■ WORK ITEM
All lines below starting at the one that holds "for parent-child activities." and ending at the one that holds "為檢驗公司應(yīng)急救" should be printed exactly, ends included. Pictures should not be printed, nor anything else.

■ SOURCE DATA

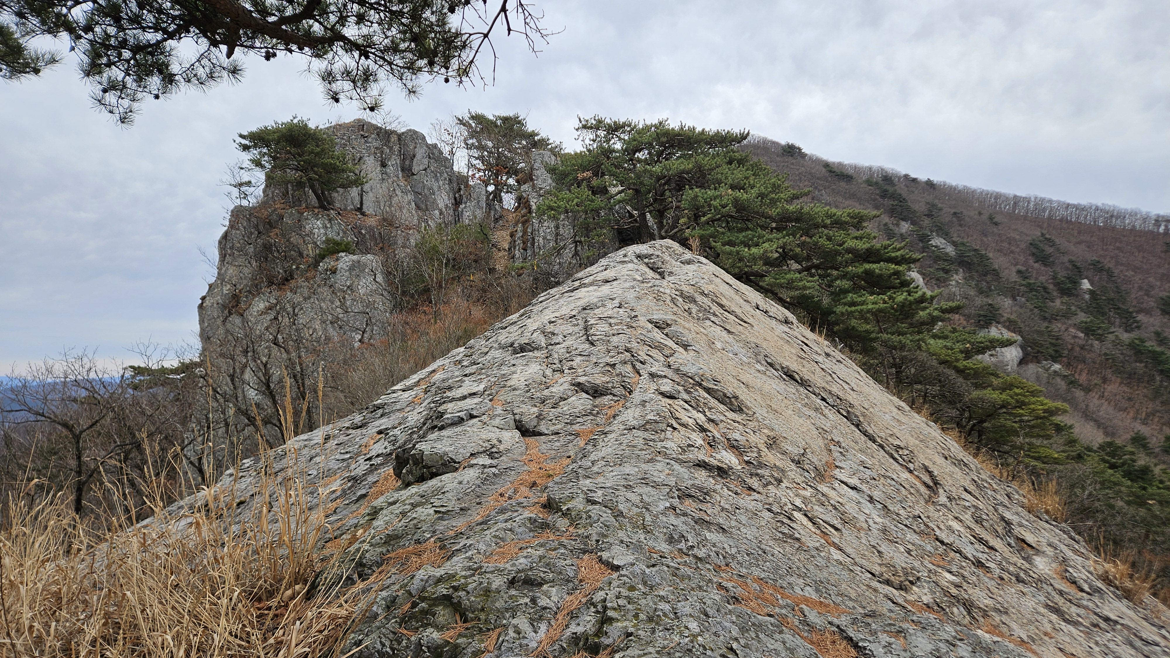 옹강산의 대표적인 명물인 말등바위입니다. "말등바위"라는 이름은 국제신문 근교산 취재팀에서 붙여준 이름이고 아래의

...

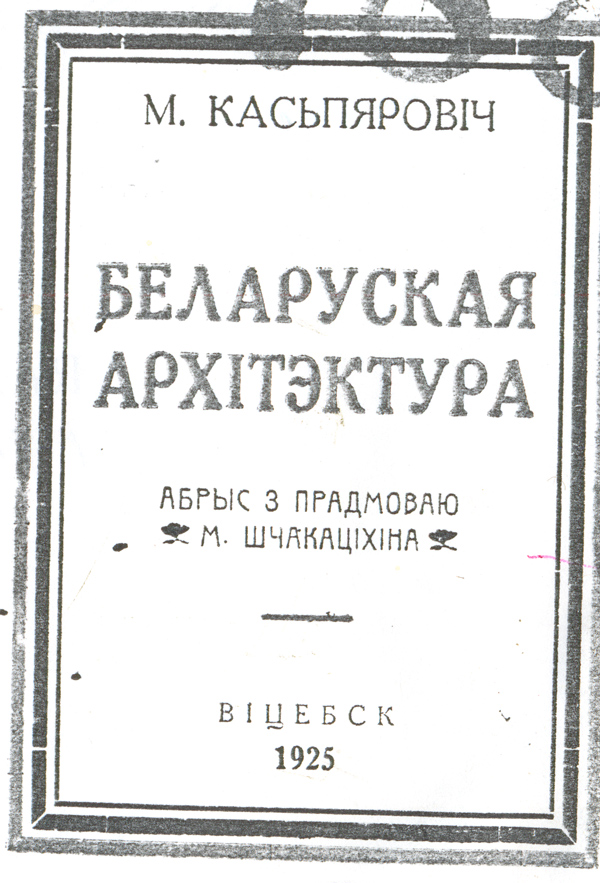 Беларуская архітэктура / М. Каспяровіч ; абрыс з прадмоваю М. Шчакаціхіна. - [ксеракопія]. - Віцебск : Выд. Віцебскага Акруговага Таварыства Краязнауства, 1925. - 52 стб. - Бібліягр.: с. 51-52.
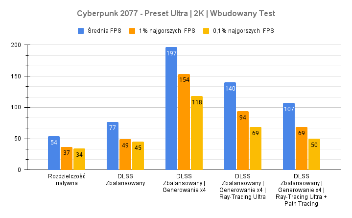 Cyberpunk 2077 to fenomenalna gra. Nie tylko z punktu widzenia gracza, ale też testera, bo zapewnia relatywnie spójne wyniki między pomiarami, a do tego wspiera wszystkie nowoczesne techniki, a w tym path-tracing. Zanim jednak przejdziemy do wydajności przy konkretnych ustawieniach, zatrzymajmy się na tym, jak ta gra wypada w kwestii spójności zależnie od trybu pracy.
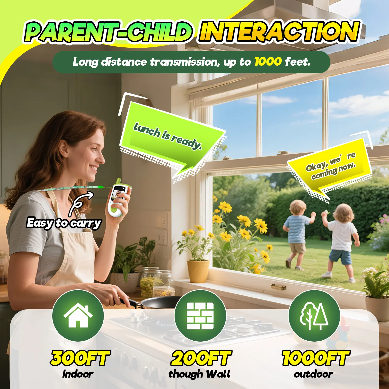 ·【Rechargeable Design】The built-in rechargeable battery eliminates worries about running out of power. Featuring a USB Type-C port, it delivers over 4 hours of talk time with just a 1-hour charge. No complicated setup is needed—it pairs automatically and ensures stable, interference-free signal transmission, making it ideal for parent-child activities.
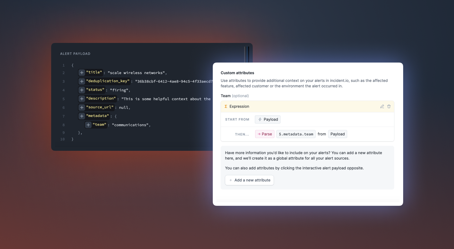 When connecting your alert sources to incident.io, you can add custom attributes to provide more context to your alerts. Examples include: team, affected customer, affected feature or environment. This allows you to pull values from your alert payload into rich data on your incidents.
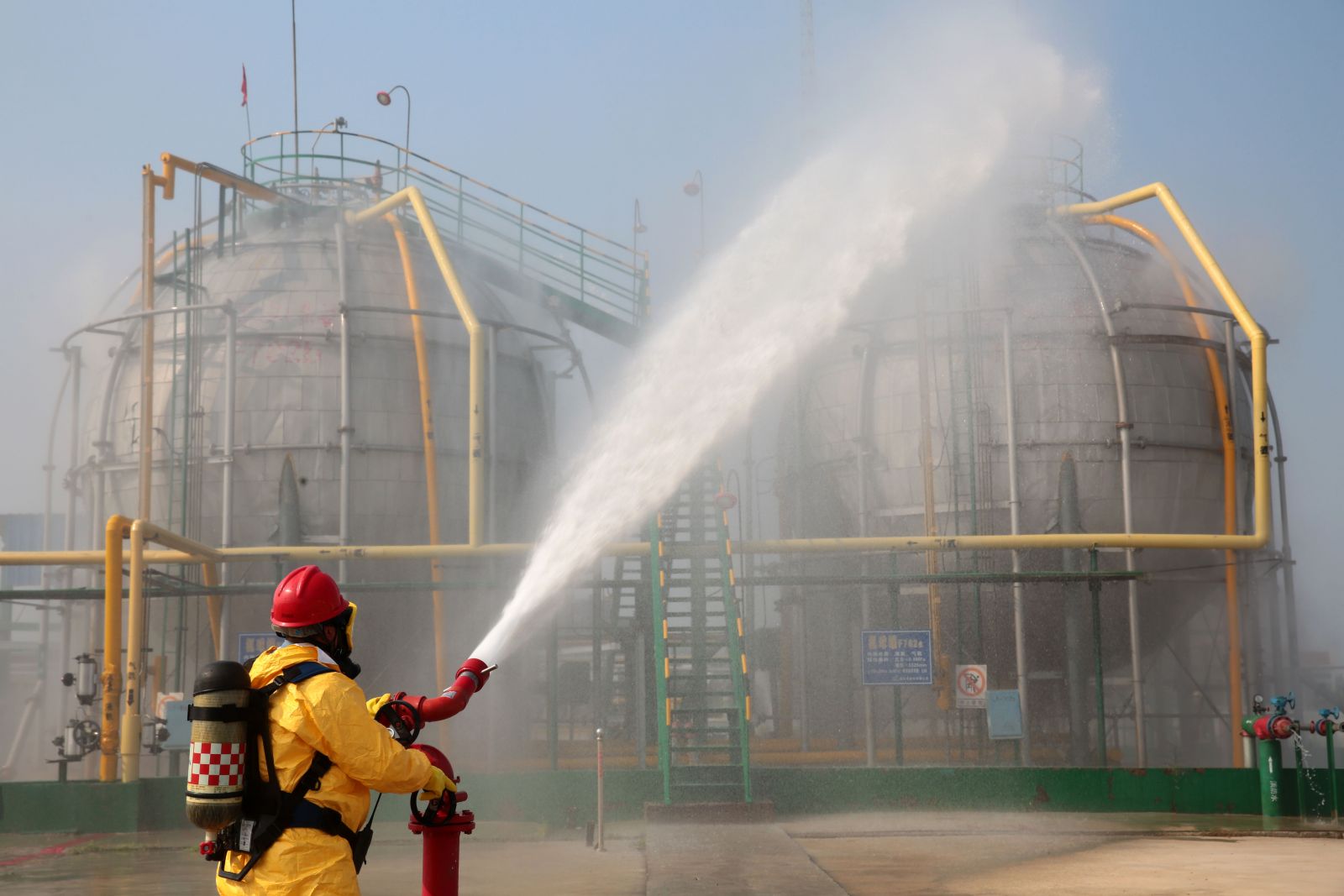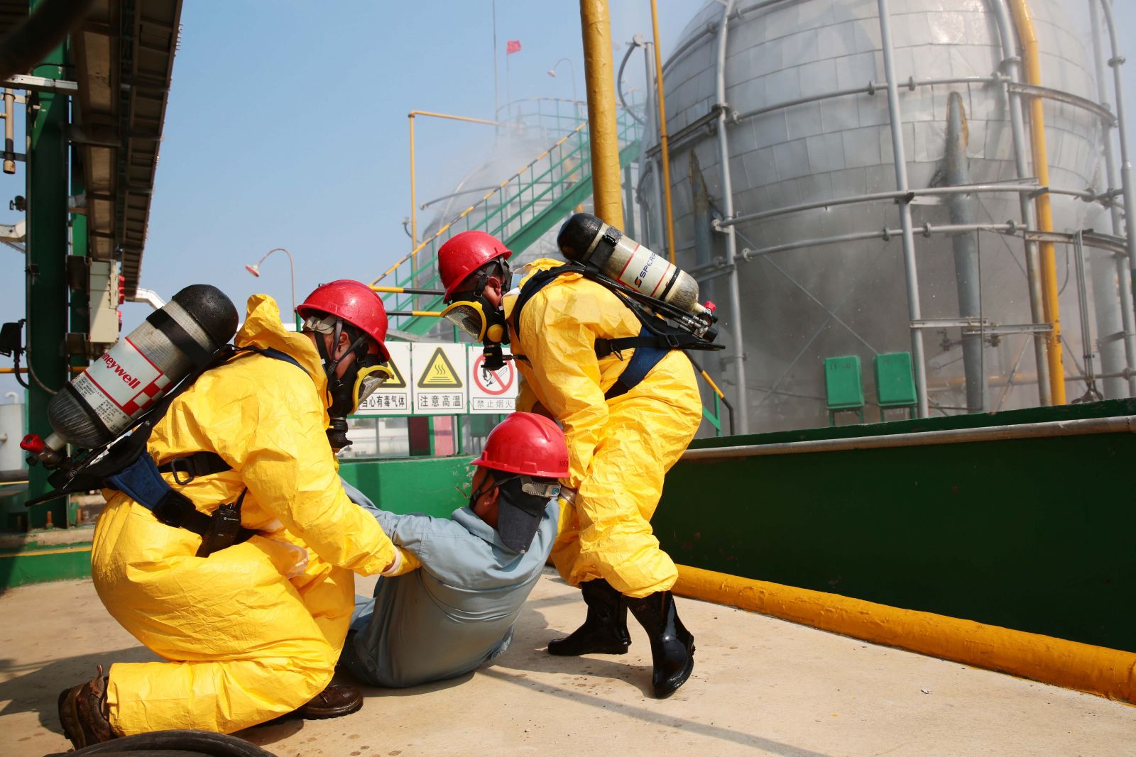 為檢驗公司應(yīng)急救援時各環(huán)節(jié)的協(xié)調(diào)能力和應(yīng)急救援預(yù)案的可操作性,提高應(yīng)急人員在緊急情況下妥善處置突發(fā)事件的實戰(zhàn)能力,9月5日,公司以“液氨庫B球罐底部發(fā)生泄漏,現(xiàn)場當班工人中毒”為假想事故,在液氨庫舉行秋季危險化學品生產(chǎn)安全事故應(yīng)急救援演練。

---

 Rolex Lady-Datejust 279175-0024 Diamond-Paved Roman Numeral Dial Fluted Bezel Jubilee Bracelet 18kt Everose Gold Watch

■ ANSWER SPACE
 ·【Rechargeable Design】The built-in rechargeable battery eliminates worries about running out of power. Featuring a USB Type-C port, it delivers over 4 hours of talk time with just a 1-hour charge. No complicated setup is needed—it pairs automatically and ensures stable, interference-free signal transmission, making it ideal for parent-child activities.
 When connecting your alert sources to incident.io, you can add custom attributes to provide more context to your alerts. Examples include: team, affected customer, affected feature or environment. This allows you to pull values from your alert payload into rich data on your incidents.
 為檢驗公司應(yīng)急救援時各環(huán)節(jié)的協(xié)調(diào)能力和應(yīng)急救援預(yù)案的可操作性,提高應(yīng)急人員在緊急情況下妥善處置突發(fā)事件的實戰(zhàn)能力,9月5日,公司以“液氨庫B球罐底部發(fā)生泄漏,現(xiàn)場當班工人中毒”為假想事故,在液氨庫舉行秋季危險化學品生產(chǎn)安全事故應(yīng)急救援演練。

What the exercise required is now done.